╭──

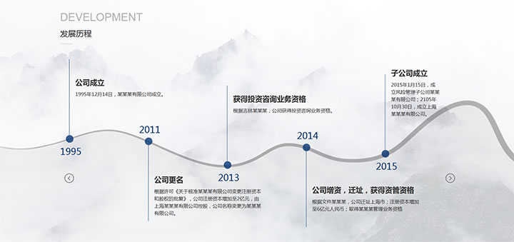一款jQuery基于swiper.js制作的公司发展历程水平时间轴特效,带波浪背景非常创意大气,鼠标拖动或左右箭头控制时间轴滚动。
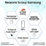 Samsung Exclusive Features : Fresh Room | Horizontal Curve Door Design | Stabilizer Free Operation (100v – 300v) | Smart Connect Inverter (Automatic) | Up to 15 days of fresh food | Lock & Key
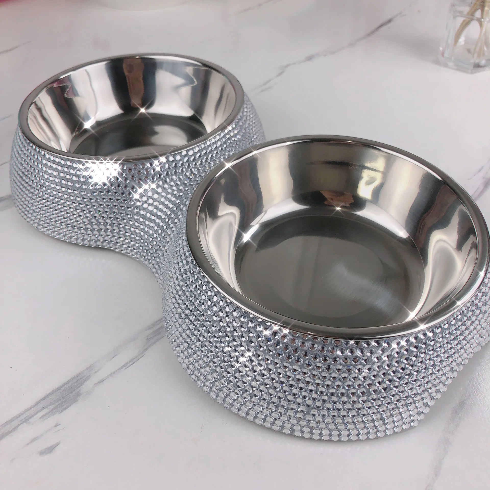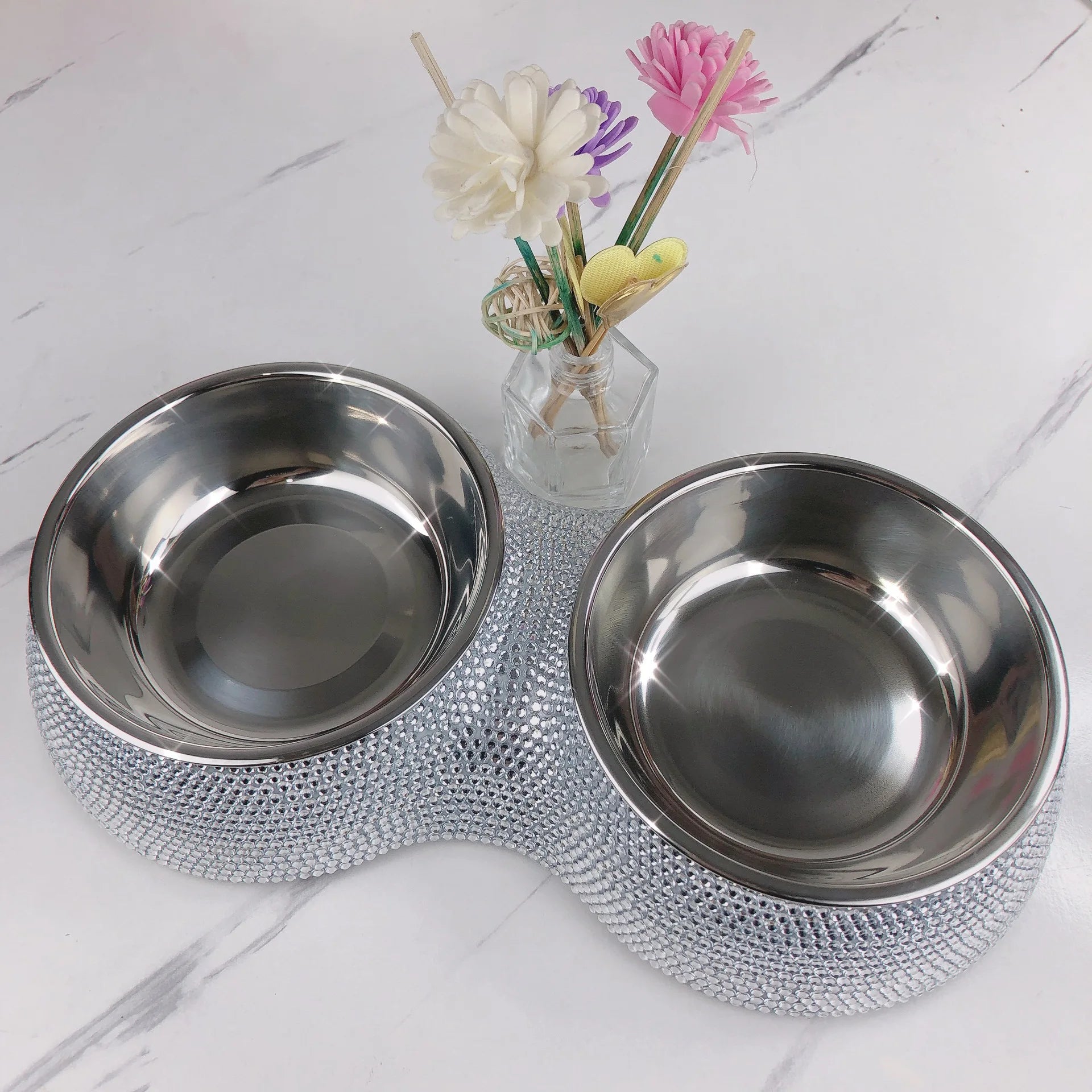 Creative Rhinestones Stainless Steel Double Dog Cat Food Bowl Sparkling Pet Cat Dog Bowl Pets Feeders Pet Supplies Accessories
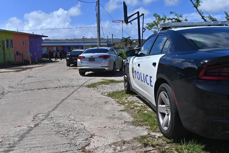 Police investigators on Wednesday June 14, 2023, speak to the parents of a child killed after a hit-and-run in the Family Apartments parking lot in Tamuning. The incident occurred early Tuesday evening.
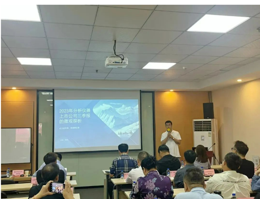 隨后,代理商分會(huì)副理事長林欣田作了題為“2023年分析儀器上市公司三季報(bào)的微觀探析”的分享。他從銷售額、管理與經(jīng)營和供應(yīng)鏈三個(gè)方面對(duì)分析儀器產(chǎn)業(yè)鏈相關(guān)的部分上市公司進(jìn)行了深入分析,通過第三季度財(cái)報(bào)數(shù)據(jù)來探究中國及國際分析儀器行業(yè)市場(chǎng)的發(fā)展情況及未來前景。
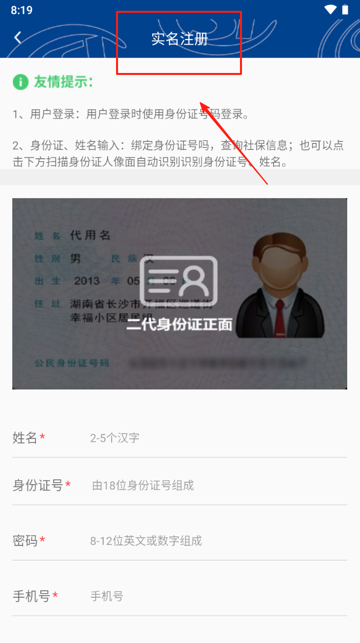 2、选择注册:点击“立即注册”按钮,进入实名注册页面,填写个人信息。
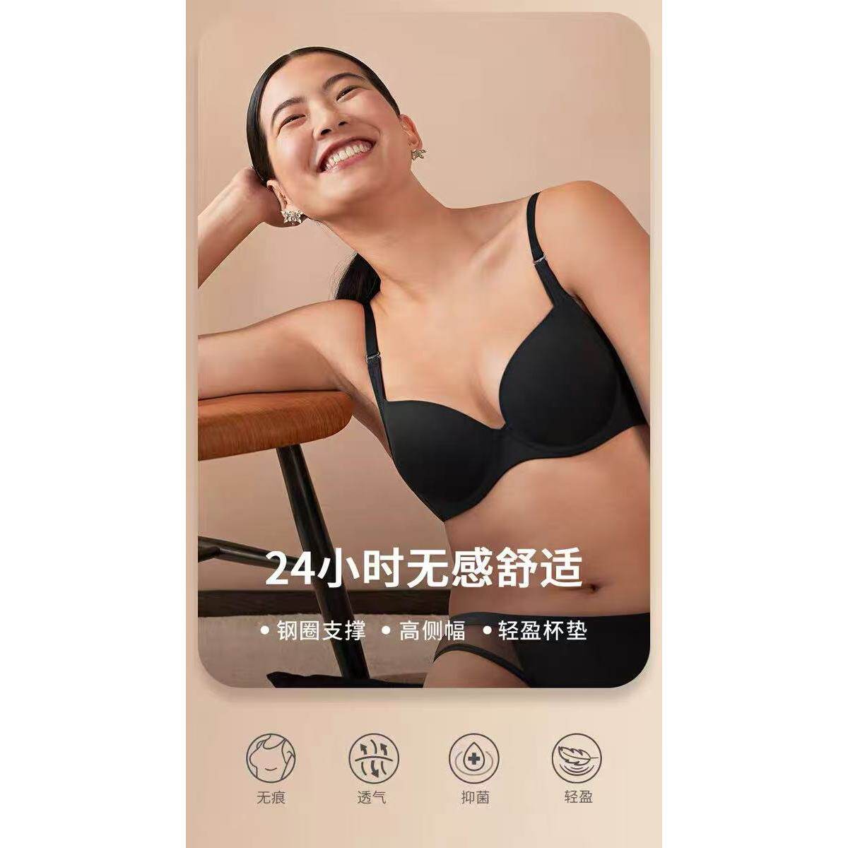 黛安正品新款光面无痕内衣抗菌大胸交叉U型美背薄款文胸16-8788
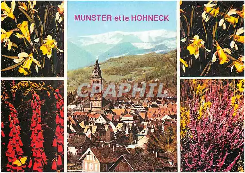 Cartes postales moderne Munster et Au pied du Massif du Hohneck (Altitude 1361 m) Images de France La Ville alsacienne d
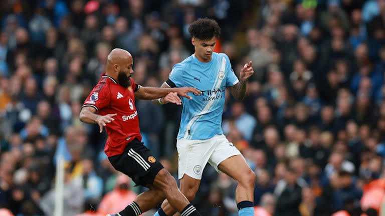 Aksi Bryan Mbeumo (kiri) kala Man Utd bertamu ke markas Man City di lanjutan Liga Inggris 2025/2026, Minggu, 14 September 2025-Reuters-
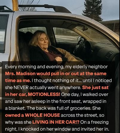 David Castle thought he knew his elderly neighbor, Mrs. Madison. She always seemed to come and go in her old Ford at the same time he did. But everything changed one freezing night when David came home late and found her sleeping in the car—wrapped in a comforter, groceries piled in the backseat.She wasn’t locked out. She was living there.

╰──

# What the task asks
In the records above, the lines from the one containing "Cartes postales moderne" through the last line are to be written out exactly, both ends included and pictures omitted.

# Solution
 Cartes postales moderne Munster et Au pied du Massif du Hohneck (Altitude 1361 m) Images de France La Ville alsacienne d
 Aksi Bryan Mbeumo (kiri) kala Man Utd bertamu ke markas Man City di lanjutan Liga Inggris 2025/2026, Minggu, 14 September 2025-Reuters-
 David Castle thought he knew his elderly neighbor, Mrs. Madison. She always seemed to come and go in her old Ford at the same time he did. But everything changed one freezing night when David came home late and found her sleeping in the car—wrapped in a comforter, groceries piled in the backseat.She wasn’t locked out. She was living there.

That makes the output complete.